Other changes over the Tekken 4 design included the removal of the positional change techniques (throws were once again controlled by combinations of LP+LK or RP+RK instead of designating LP+LK as a position switch maneuver; only Steve Fox was given a position change attack), bringing back traditional air combat (Tekken 4 removed back and vertical leaps in favor of a more fluid 3D combat model) and using a juggle system more akin to Tekken 3 as opposed to the 4th game's less juggle-friendly gameplay. The fighters were also forced to remain stationary prior to the round beginning (Tekken 4 allowed the fighters to move freely before the opening of a round, fitting in with the more position-based gameplay of that game).
The single biggest change is 'Devil Within' mode. This is the fourth installment in the 'Tekken Force' series (the first 2 installments can be found in Tekken 3 and Tekken 4 respectively. The third installment was released as the Tekken spin-off game Death by Degrees). Similar to Death by Degrees, 'Devil Within' focuses solely on one playable character, Jin Kazama.

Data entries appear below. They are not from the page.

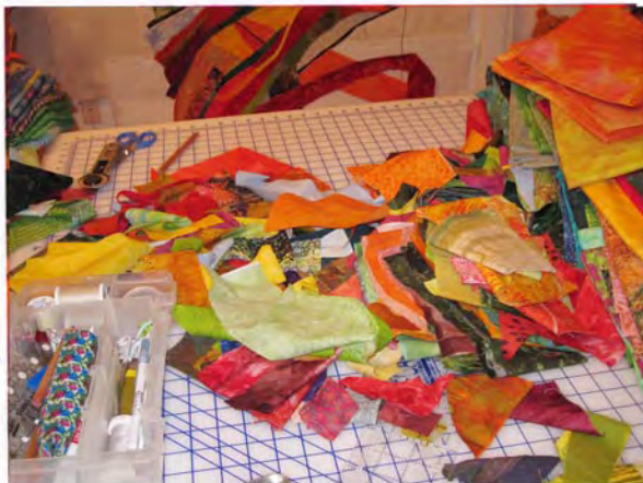
Work table 1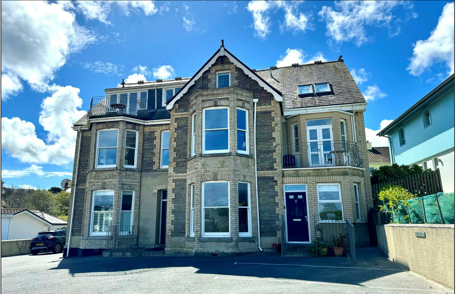
Beach side ground floor 2 bedroom apartment with views of Porth Beach.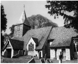
All Saints Church

or 31K CYCLE .....also, 4K fun run .....or 14K cycle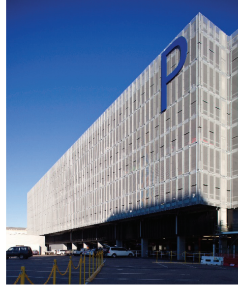
* Typical architectural installation.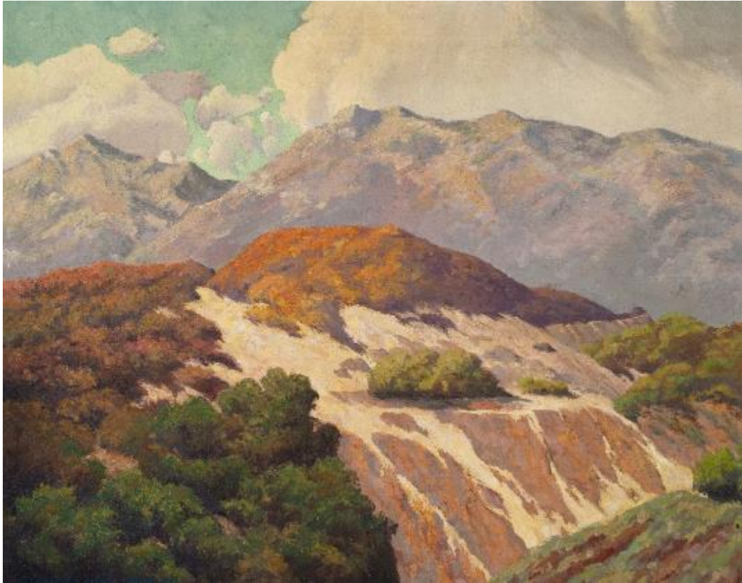
Image: Alfred Mitchell "Mountain Landscape (After Braun)", 1913 Collection of The San Diego Museum of Art, Gift of Elizabeth W. Colburn, 2011.60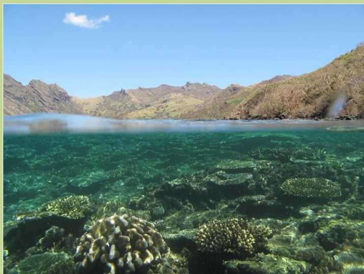
A ridge-to-reef seascape from Waya Island, Fiji.

In terms of current legislation, the Fijian i Taukei Lands Act provides in Section 3 that 'native lands shall be held by native Fijians according to native custom as evidenced by usage and tradition.' This provision allows for a broad spectrum of usage and governance rights defined by native custom and tradition, as well as being subject to the regulations made by the iTaukei Affairs Board. Section 21 of the Forest Decree gives provision for the customary rights of native Fijians on native land and the right to exercise any rights established by native custom such as hunting, fishing or collecting wild fruits and vegetables. According to Section 13 of the Fisheries Act , it is an offence to fish or collect shellfish without a permit for trade or sale in an area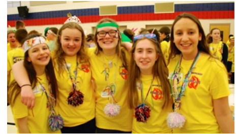
Every year, students tell us POWER was one of the best experiences of middle school!

More than 400 8th graders from our two middle schools joined together at Emerson after school on Friday, February 27 for District 64’s annual POWER workshop. Two inspiring motivational speakers encouraged the young teens to “live their best life ever.” Trained high school leaders met with small groups of students for collaboration and questioning, helping build the skills to develop healthy peer relationships, resist negative peer pressure, and promote responsible decision-making as they grow up. A fun, exciting slideshow capped off this positive, educational and uplifting event.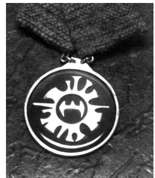
The first President's Medallion, created in 1965.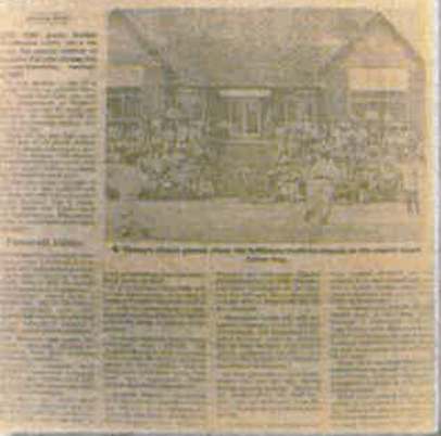
Rodney Parade is sold for a new Maindee Primary School (May 1988).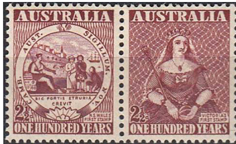
Australia Sc. 228-229

In September 1950 the first of the Commonwealth's "se-tenant" stamps, both 2-1/2d in value (Sc. 228-229), appeared to mark the centenary of the two initial issues, and carry representations, slightly amended, of the N.S.W. and Victorian designs.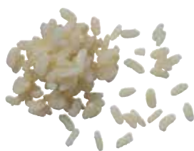
St. Andrea rice, ref. 2012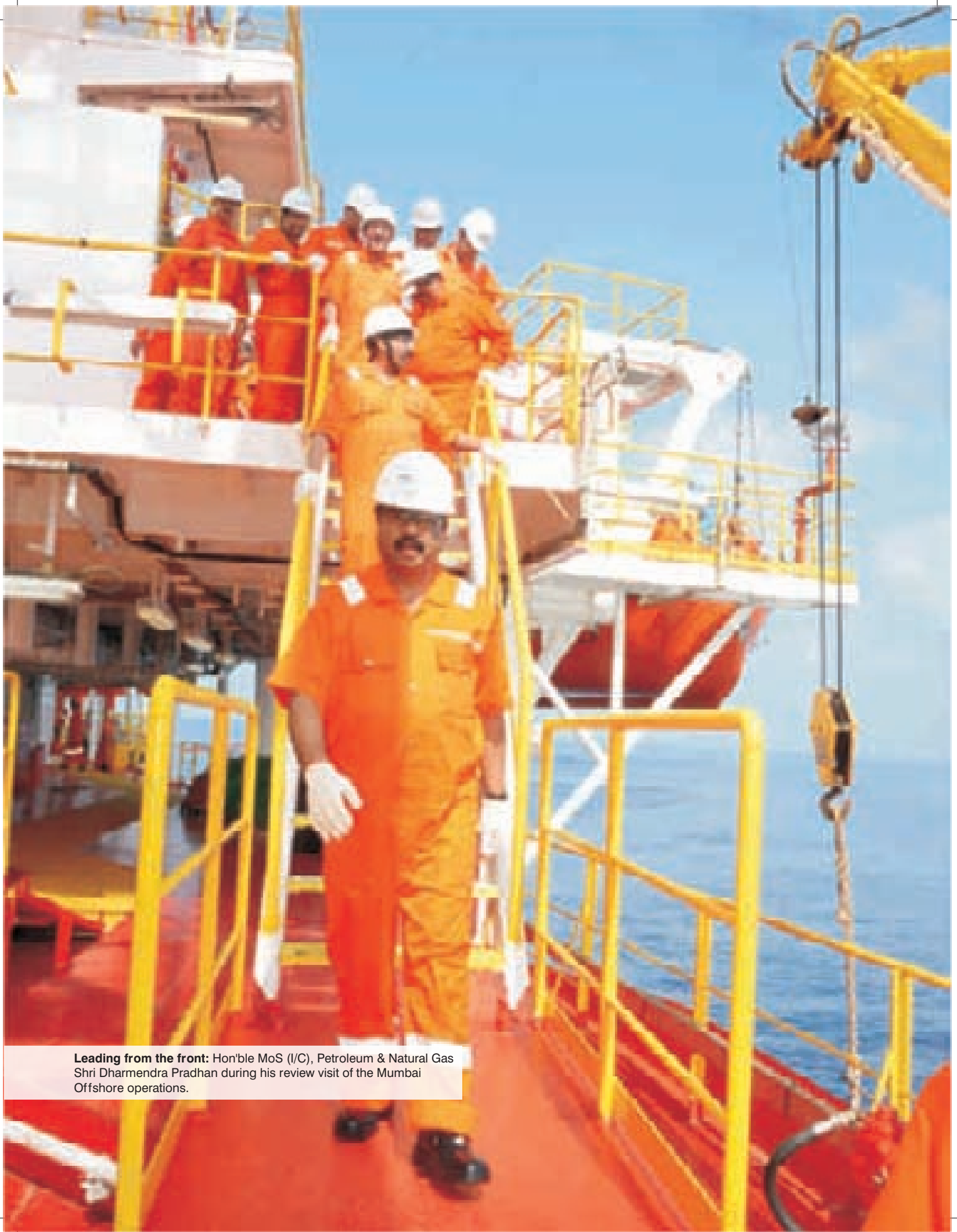
Leading from the front: Hon'ble MoS (I/C), Petroleum & Natural Gas Shri Dharmendra Pradhan during his review visit of the Mumbai Offshore operations.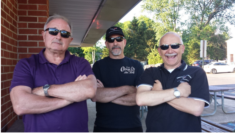
June, 2016 - Jersey Freeze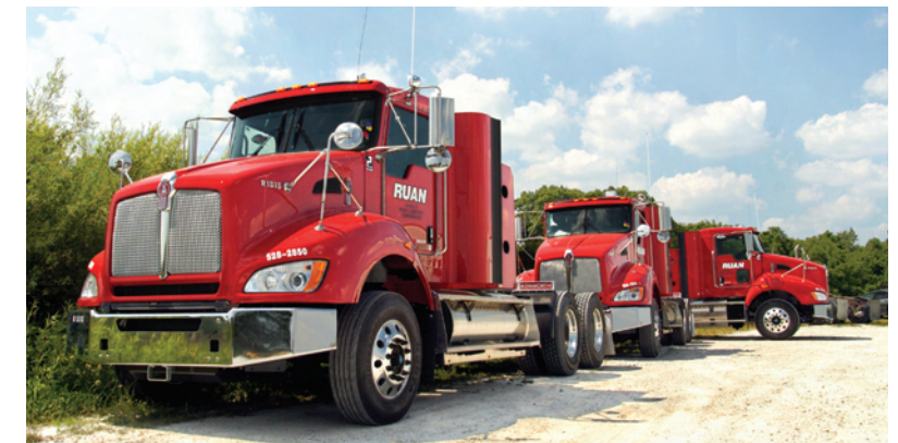
Pictured are three of the first four CNG-fueled tractors that were delivered to Fair Oaks IN-based Fair Oaks Farms. The tractors are on a full-service lease from PacLease.

"Federal and state grants helped offset the higher cost of the CNG-fueled tractors and the cost of building two CNG filling stations," Stoermann says. "At this point, it still takes incentives to justify the initial investment natural gas fueled vehicles. We have to do better than break-even."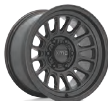
IMPACT OL KM724

SATIN BLACK 16, 17 5/6 LUG PATENT: D942917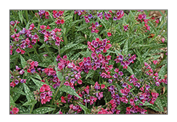
Raspberry Splash Lungwort flowers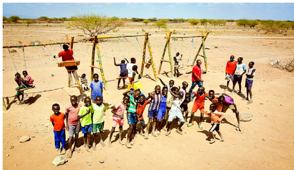
Kakuma refugee camp: providing public space for those most in need

If this guidance document offers a best practice, it is to recognize that city leaders face the realism of everyday politics — getting (re)elected, finding financing and getting programs off the ground. Inclusivity means aligning incentives and offer pathways to favour those who are easily scapegoated and marginalised. Shifting incentives towards inclusion demands unglamorous, behind-the-scenes work with administrators, bureaucrats and the private sector. It means building alliances between business leaders, unions, community associations and academia. This cannot be done based on humanitarian principles alone. It will require data, technical skills, and political leadership that is both bold and nuanced. Only when migrants, hosts, and leaders see their interests and futures as intertwined will progressive inclusion become possible.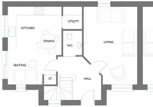
SITE 3 - HOUSE TYPE 2 / 1180sqft GROUND FLOOR PLAN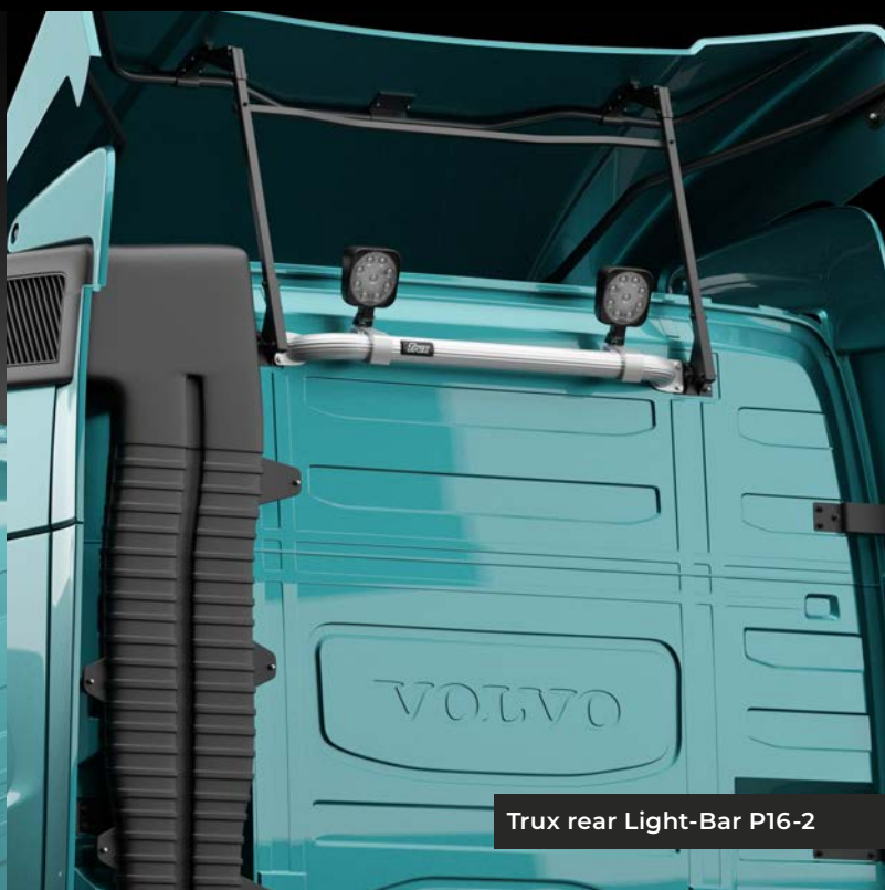
Trux rear Light-Bar P16-2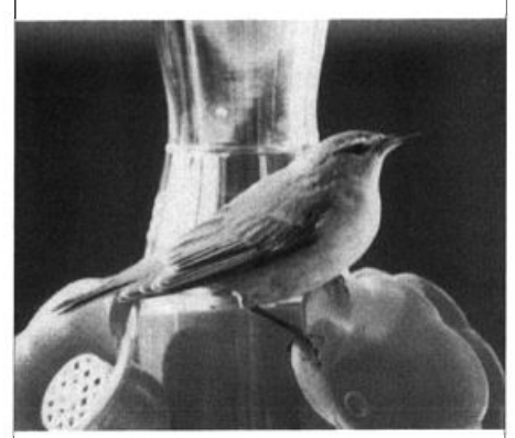
About the third documented winter record for Georgia was provided by this male Tennessee Warbler in Walton County January 8, 1995.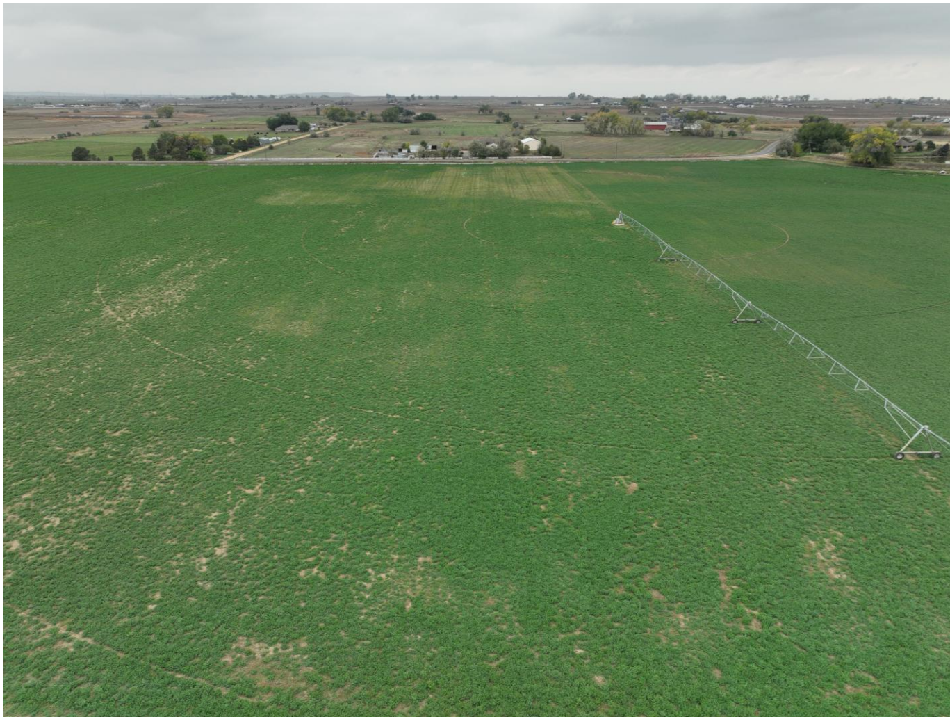
Photo 6. Drone aerial imagery taken east of well locations, facing west (displaying the wells).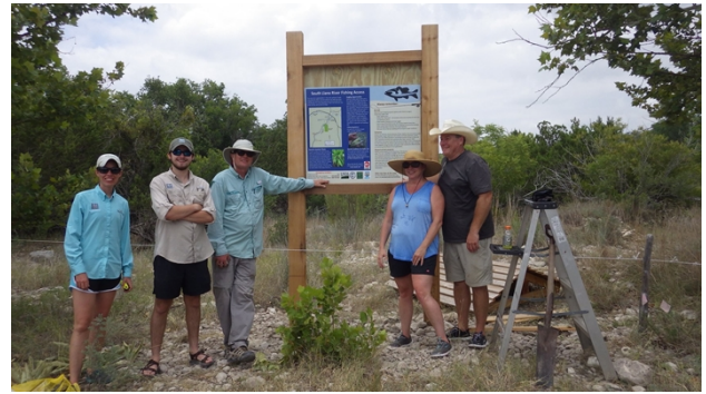
Mission Accomplished – well almost. Kiosk roof to be added once concrete sets.

A special thank you to South Llano River State Park for help installing the kiosk! Saved everyone a lot of digging.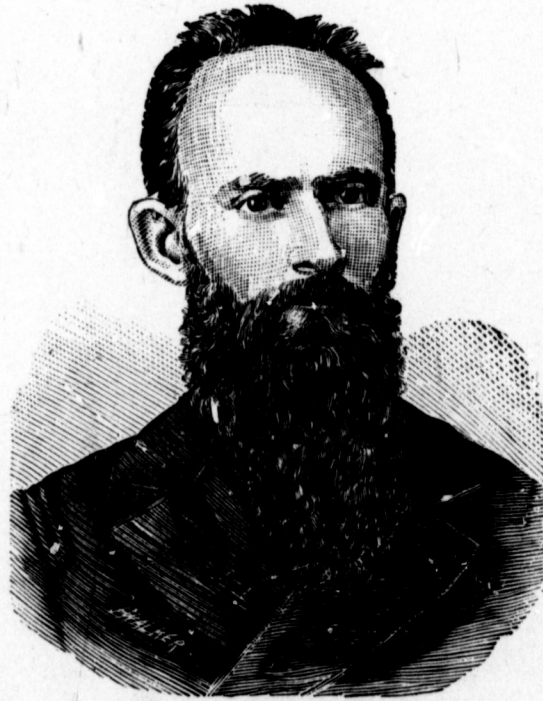
Rev. George Leslie Mackay, D.D. MISSIONARY AT TAMSUI, FORMOSA, SINCE 1872.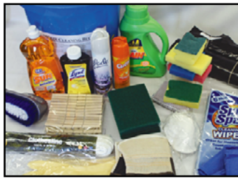
AC Mission Challenge ... 3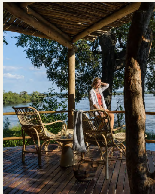
Widescreen views from the deck

Enchanting treehouse accommodation to charm adventurers aged six years and over.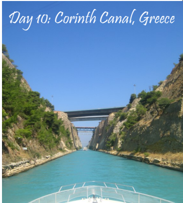
Day 10: Corinth Canal, Greece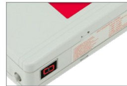
Numeric Indicator for dependable visual status and fault detection. Only available with G2-NI option.

Illumination: Long-life, high-intensity, red or green LEDs Housing: Rugged, injection-molded UL 94 5VA flame-retardant, high-temperature thermoplastic housing Input: 120/277VAC dual primary, 60Hz Battery: Maintenance-free NiCad battery Run Time: UL Listed 90 minute emergency run time, 24 hour recharge time Legend: Fully-illuminated 6" characters with 3/4" stroke and field-selectable directional chevrons Mounting: Ceiling, end or wall mounted, canopy included Finishes: Black or White Options: 2CI = 2 Circuit Input 220 = 220VAC, 50Hz Input G2 = Self-test/Self-diagnostics G2-NI = Self-test/Self-diagnostics with Numeric Indicator and Battery Access Door USA = Meets Buy America Requirements Certifications: UL Listed for Damp Locations and meets or exceeds the following: NEC requirements and NFPA 101. California Energy Commission (CEC) compliant Warranty: Any component that fails due to a manufacturing defect is guaranteed for five years with a separate five year prorated warranty on the battery. The warranty does not cover physical damage, abuse or instances of uncontrollable natural forces. See the full Exitronix warranty document for detailed information.

This is a traditional platform game in which players must guide Jin through a series of labyrinth style levels and entire enemy armies. This mode features bosses, such as True Ogre (from Tekken 3), who is not playable in Tekken 5.
The opening loading screen features a few seconds from a video game based on an early 3-D Namco space flyer StarBlade. Like with Galaga in the PlayStation version of the original Tekken, players can control the space ship in the demo. Pressing START prompts Tekken 5 to load. However, this game can be unlocked for full play in Arcade History mode. In addition, players can also play the Arcade versions of the first 3 Tekken games. Each game comes with an option to use only the default characters, or use the bosses and sub-bosses too. Console only characters are not featured.